Switches the runtime off the in-tree nvisy-{core,context,pattern,ner,llm,codec,toolkit} crates and onto the upstream elide toolkit, then builds the engine — multi-tenant resource registry + run orchestrator — on top of it.

End-state on this branch:

elide is a workspace dep (elide, elide-core, elide-ner, elide-ocr). Recognition primitives, modality types, codec, anonymizer, and provenance all come from upstream.
nvisy-core slims to {error, health, policy, plan, schema} — primitives, modality, codec, recognition no longer live here; they come from elide-core / elide.
nvisy-engine is the new home for everything runtime-shaped:
- analyzer/ — compile a per-request AnalyzerSpec into elide::Analyzer<M> per modality (text / tabular / image / audio).
- anonymizer/ — compile Policy sets into elide::Anonymizer<M> per modality; pattern-matches single-label / single-tag Predicate shapes onto elide's indexed fast paths, falls through to with_catalog_predicate for composites.
- registry/ — RegistryHandle over fjall: six keyspaces (policies, contexts, run_headers, run_docs, run_artifacts, run_inputs) under (actor, …) keys, Arc-backed for cheap clone.
- policies/ and contexts/ — symmetric CRUD over versioned resource blobs.
- runs/ — two-phase run lifecycle: start mints a UUIDv7 run, persists inputs, fans the analyzer out per doc under futures::buffer_unordered with a hard tokio::time::timeout, then flips the header to AwaitingReview. apply resolves policies, fans the anonymiser out the same way, layers reviewer overrides as high-precedence per-entity rules in front of the policy chain (decorator pattern, first-match-wins gives them priority), writes the redacted bytes to run_artifacts, and flips the header to Applied / PartiallyApplied. override_entity lets reviewers stamp a RuleAction onto one recognised entity by id.
elide-bento is a new local crate carrying the BentoML NER + OCR backends that aren't suitable for upstream (vendor-specific).
Policy module redesign.
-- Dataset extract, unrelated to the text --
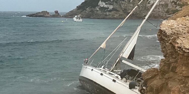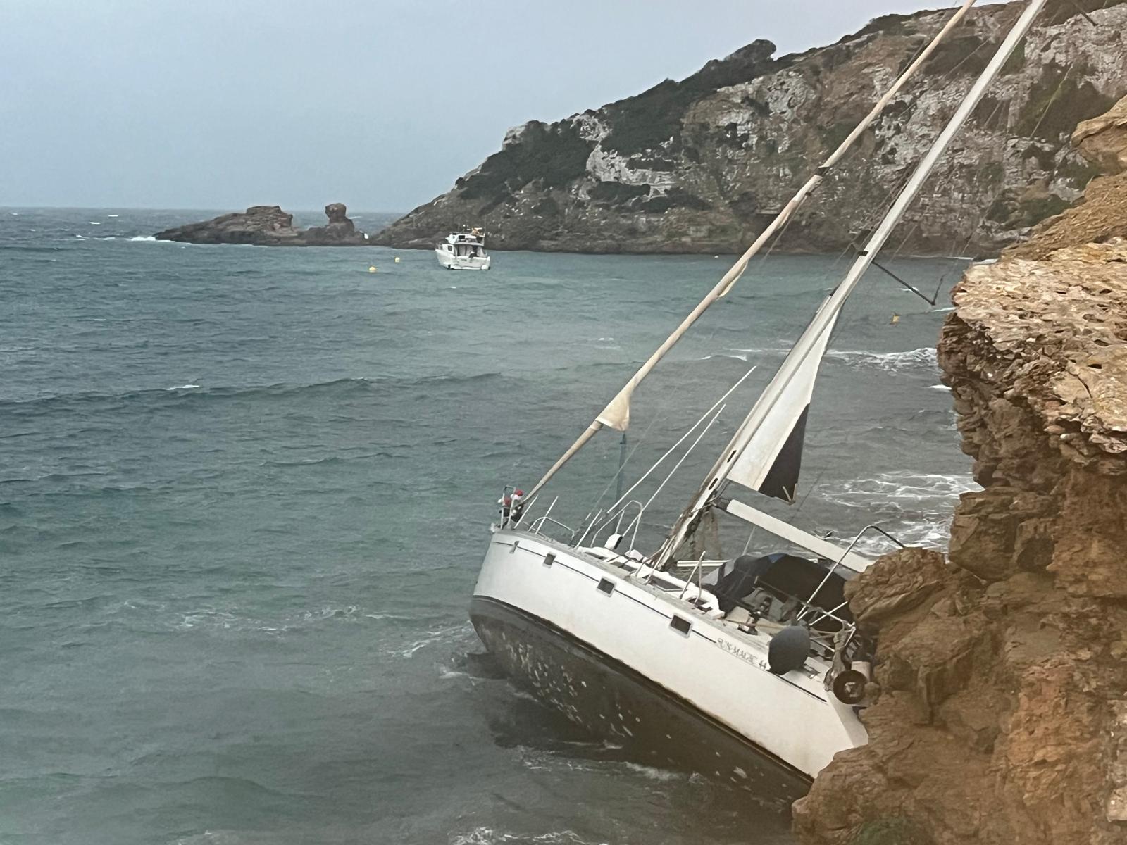 El viento y el mar se están cobrando en Ibiza las primeras víctimas en forma de embarcaciones embarrancadas o varadas en la costa. Una de estas embarcaciones accidentadas ha sido un velero que esta noche ha embarrancado en el acantilado que hay detrás del faro de Botafoc, en dirección norte, y que ha sido descubierto por los paseantes a primera hora de esta mañana.

UUID identity end-to-end. Rule carries one composable Predicate instead of the old Label/Tag/Predicate three-way kind enum. Reviewer overrides + policy rules both flow through the same Attribution slot — policy_id from the policy's UUID, reason from the rule's UUID (or the entity id for overrides) — so audits trace every redaction back to the exact rule that fired.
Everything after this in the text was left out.